━━━ Records for this exercise
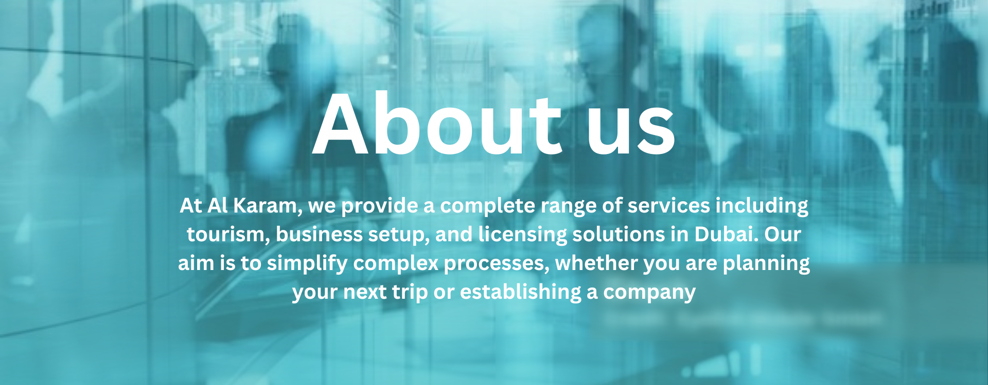 AL KARAM tourism & Business Men Services is an establish and emient Business setup consultancy based in Dubai & Sharjah.We provide all the necessary in connection with company formation and operation in UAE.Our Business services in UAE includes findings a sponser,trade licence services,pro services & all kind of Visa services
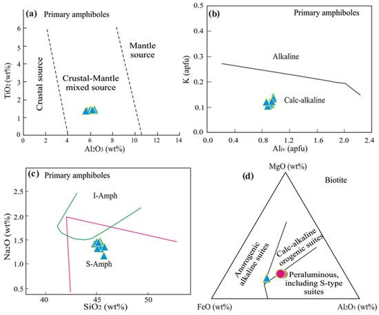 Mineral chemistry of amphiboles and biotite from the studied granites. (a) TiO2 vs Al2O3 for the studied primary amphiboles [72]. (b) Cations of Aliv vs. K binary diagram discriminating between alkaline and calc-alkaline magma [71]. (c) SiO2 vs. Na2O binary diagram of amphiboles [73] (I-Amph = within-plate amphiboles; S-Amph = Supra-subduction amphiboles). (d) FeO-MgO-Al2O3 ternary discrimination diagram of biotite [70].
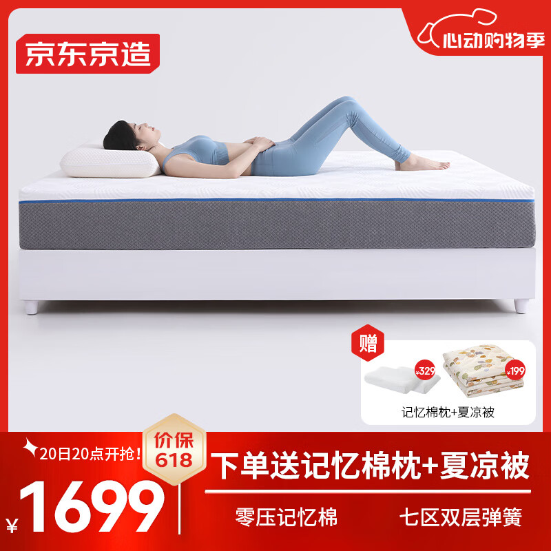 京东京造弹簧床垫 0压记忆棉|双层弹簧|软硬两用 席梦思床垫1.8×2米MS01价格:1899.00元!
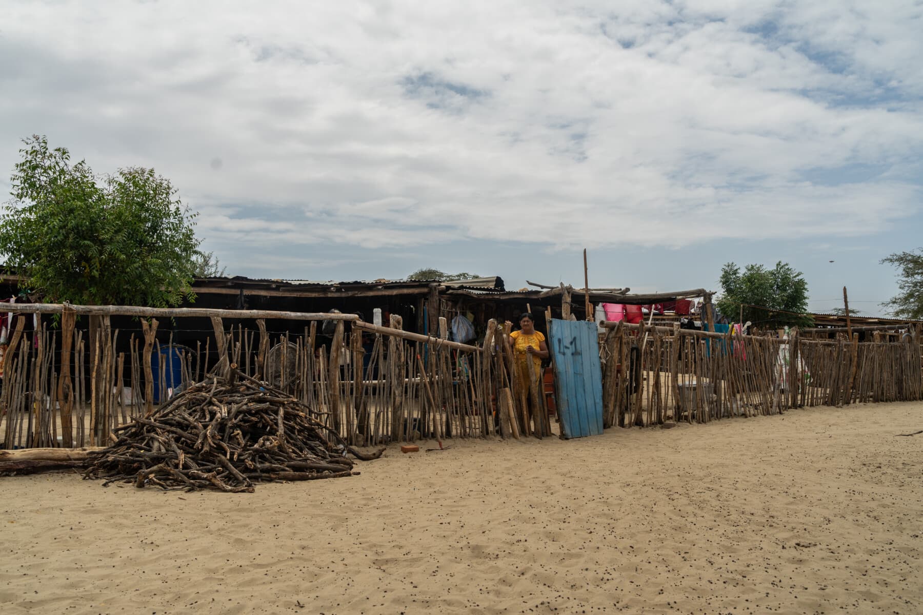 “Ahorita, en este solazo, qué lindo sería tomarse un vaso de agua helada”, dice Hilda mientras se asoma tras la empalizada que protege su pequeña casa de madera. Levantada en una gran loma de arena, entre los algarrobos, el viento, la duna, y el fuego invisible del calor. Este pueblo se llama Los Rufinos, queda en Tambogrande.
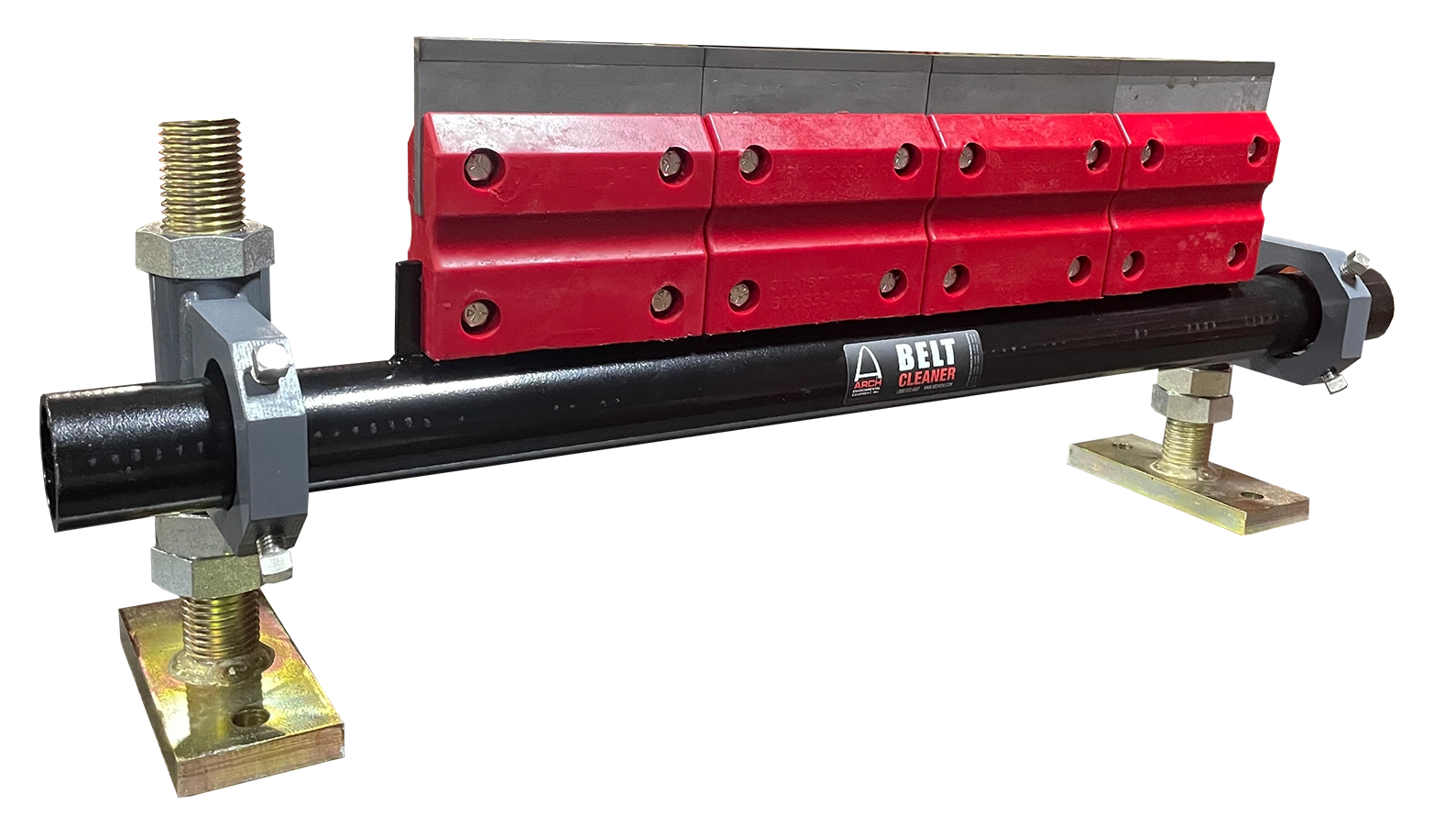 Arch SCP Secondary cleaners use high quality tungsten carbide blade segments to eliminate carryback. These blades are mounted to the support frame using a double channel “A” shape piece of urethane. The urethane mount allows the cleaner to flex against the belt maintaining tip pressure.
━━━━━━
• _Task brief_: Without the pictures, write out every entry precisely as it appears.

• _Answer to this problem_:
 AL KARAM tourism & Business Men Services is an establish and emient Business setup consultancy based in Dubai & Sharjah.We provide all the necessary in connection with company formation and operation in UAE.Our Business services in UAE includes findings a sponser,trade licence services,pro services & all kind of Visa services
 Mineral chemistry of amphiboles and biotite from the studied granites. (a) TiO2 vs Al2O3 for the studied primary amphiboles [72]. (b) Cations of Aliv vs. K binary diagram discriminating between alkaline and calc-alkaline magma [71]. (c) SiO2 vs. Na2O binary diagram of amphiboles [73] (I-Amph = within-plate amphiboles; S-Amph = Supra-subduction amphiboles). (d) FeO-MgO-Al2O3 ternary discrimination diagram of biotite [70].
 京东京造弹簧床垫 0压记忆棉|双层弹簧|软硬两用 席梦思床垫1.8×2米MS01价格:1899.00元!
 “Ahorita, en este solazo, qué lindo sería tomarse un vaso de agua helada”, dice Hilda mientras se asoma tras la empalizada que protege su pequeña casa de madera. Levantada en una gran loma de arena, entre los algarrobos, el viento, la duna, y el fuego invisible del calor. Este pueblo se llama Los Rufinos, queda en Tambogrande.
 Arch SCP Secondary cleaners use high quality tungsten carbide blade segments to eliminate carryback. These blades are mounted to the support frame using a double channel “A” shape piece of urethane. The urethane mount allows the cleaner to flex against the belt maintaining tip pressure.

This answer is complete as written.